Exercise: After finding "Once you have" in the data, write out its line and all following lines without change, up to and including the last one. Leave out pictures.

┌──

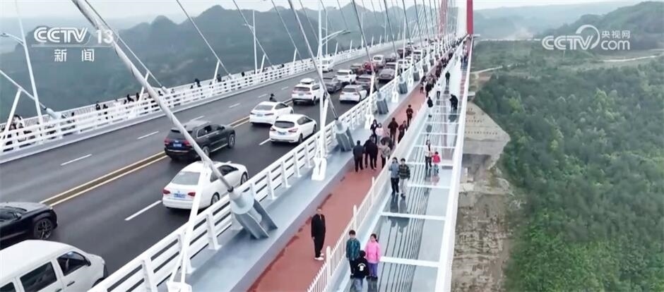 除了一些名勝古跡,這個假期,許多地方的新景觀也成為人們打卡的熱門地。在貴州,剛剛通車不久的龍里河大橋吸引了不少游客。人們登上大橋,沿著玻璃步道,體驗在云端漫步,領(lǐng)略山地峽谷的自然風(fēng)光,游客們紛紛拍照打卡。
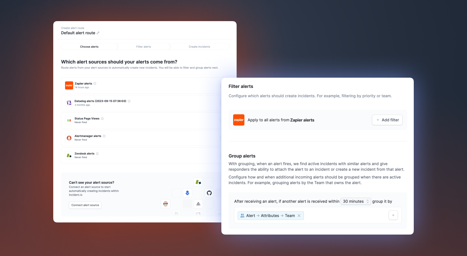 Once you have connected your alert sources, to automatically create incidents, you’ll need to set up your alert routes. With alert routes you can:
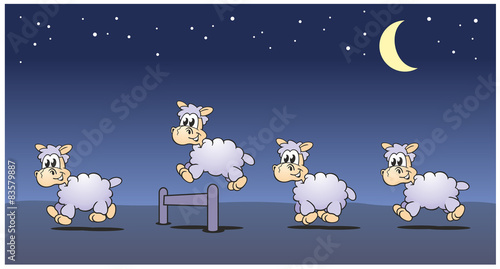© jokatoons, Obraz premium Sheeps Jumping Night
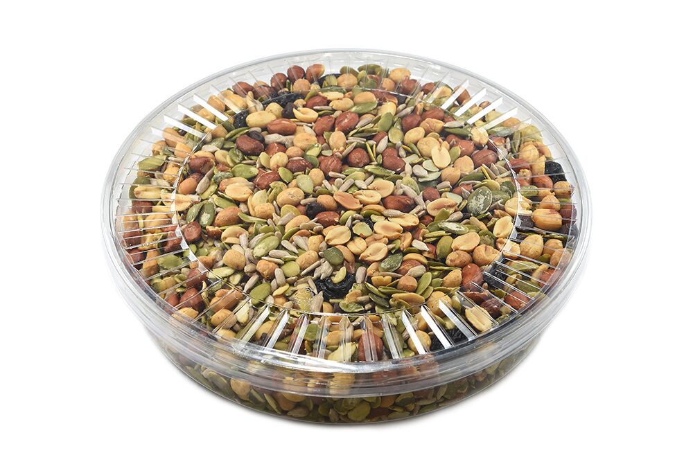 It may take a few minutes of gazing at this Hi-Energy Trail Mix Gift Tray for you to see the many diverse ingredients that make up this energizing mix. The nuts, seeds and soybeans were selected for this mix because of their flavors and energizing qualities. Raisins add some sweetness and chewy texture to counter the crunchiness of the other ingredients. You can’t overlook the addition of carob chips.
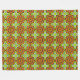 Colorful geometric mandala pattern in orange, green, and blue displayed hanging on a rod and flat on a surface, showing texture.
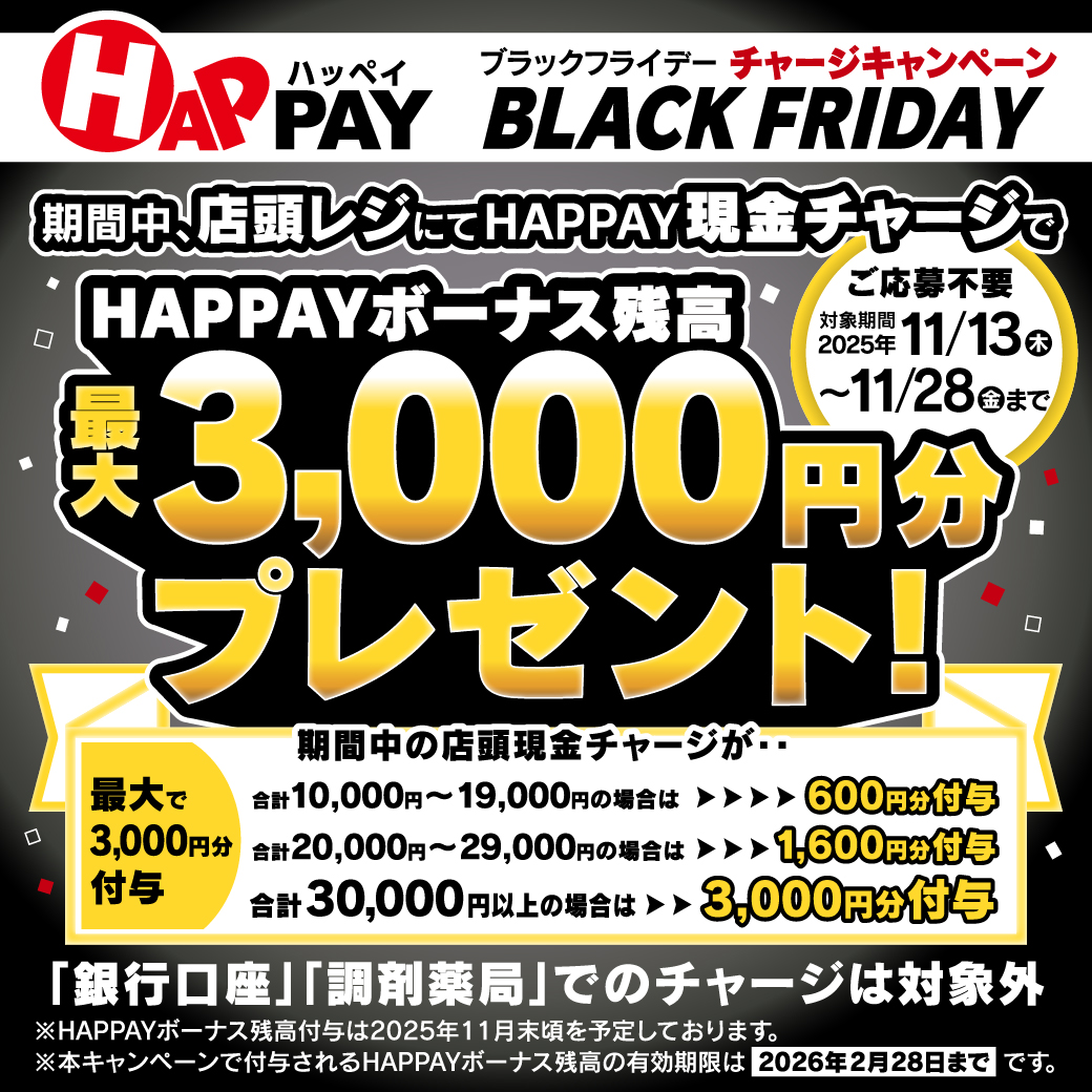 〈HAPPAYボーナス残高 最大3,000円分プレゼント!〉
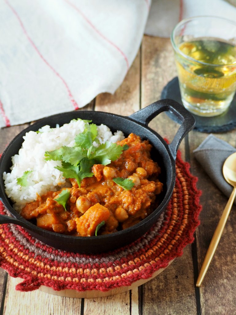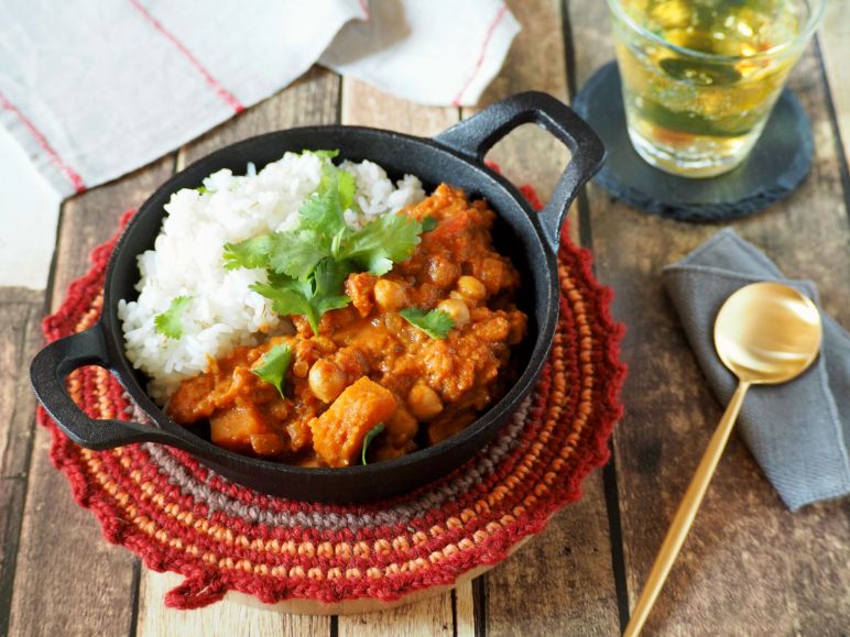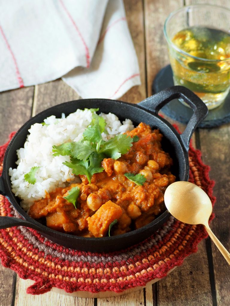 鶏肉の代わりに今が旬のかぼちゃと大好きなひよこ豆を使いました。味も食感も異なったこの2つの材料を合わせるバランスがとれた味わいになって、お肉は全然なくても満足感は抜群です。また、スパイスから作るのは難しそう、、と思う方もいるでしょうか、実はとても簡単でおうちでも本格的な味が出せます。
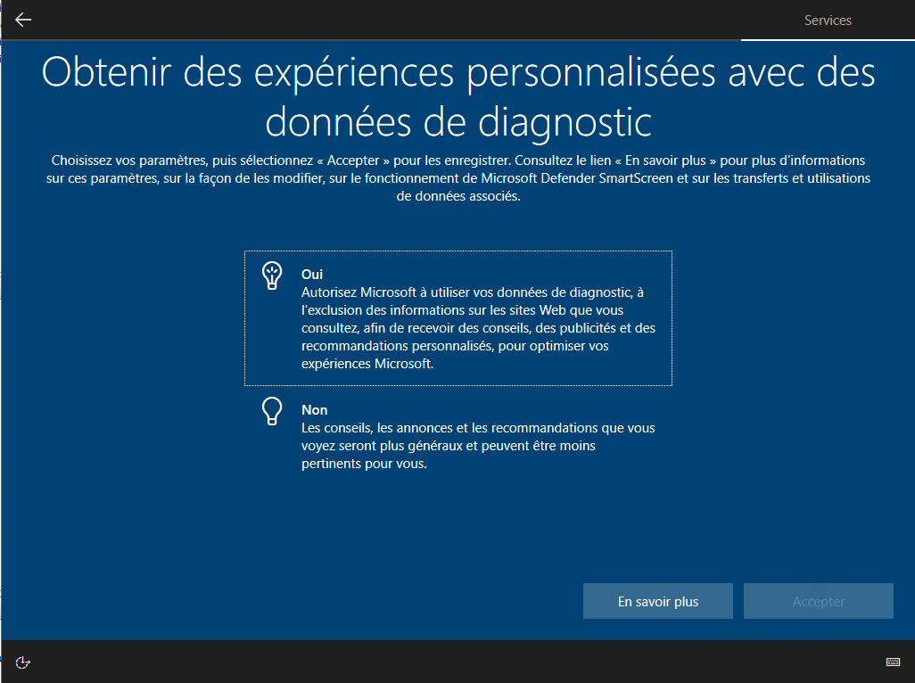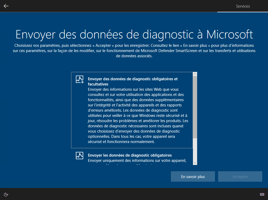 Il vous demande d'autoriser Microsoft a recevoir des information de votre ordinateur pour pouvoir l'améliorer, vous cliquez sur «Envoyer des données de diagnostic obligatoires et facultatives» et ensuite sur le bouton Accepter :

└──

Result of the task:
 Once you have connected your alert sources, to automatically create incidents, you’ll need to set up your alert routes. With alert routes you can:
© jokatoons, Obraz premium Sheeps Jumping Night
 It may take a few minutes of gazing at this Hi-Energy Trail Mix Gift Tray for you to see the many diverse ingredients that make up this energizing mix. The nuts, seeds and soybeans were selected for this mix because of their flavors and energizing qualities. Raisins add some sweetness and chewy texture to counter the crunchiness of the other ingredients. You can’t overlook the addition of carob chips.
 Colorful geometric mandala pattern in orange, green, and blue displayed hanging on a rod and flat on a surface, showing texture.
 〈HAPPAYボーナス残高 最大3,000円分プレゼント!〉
 鶏肉の代わりに今が旬のかぼちゃと大好きなひよこ豆を使いました。味も食感も異なったこの2つの材料を合わせるバランスがとれた味わいになって、お肉は全然なくても満足感は抜群です。また、スパイスから作るのは難しそう、、と思う方もいるでしょうか、実はとても簡単でおうちでも本格的な味が出せます。
 Il vous demande d'autoriser Microsoft a recevoir des information de votre ordinateur pour pouvoir l'améliorer, vous cliquez sur «Envoyer des données de diagnostic obligatoires et facultatives» et ensuite sur le bouton Accepter :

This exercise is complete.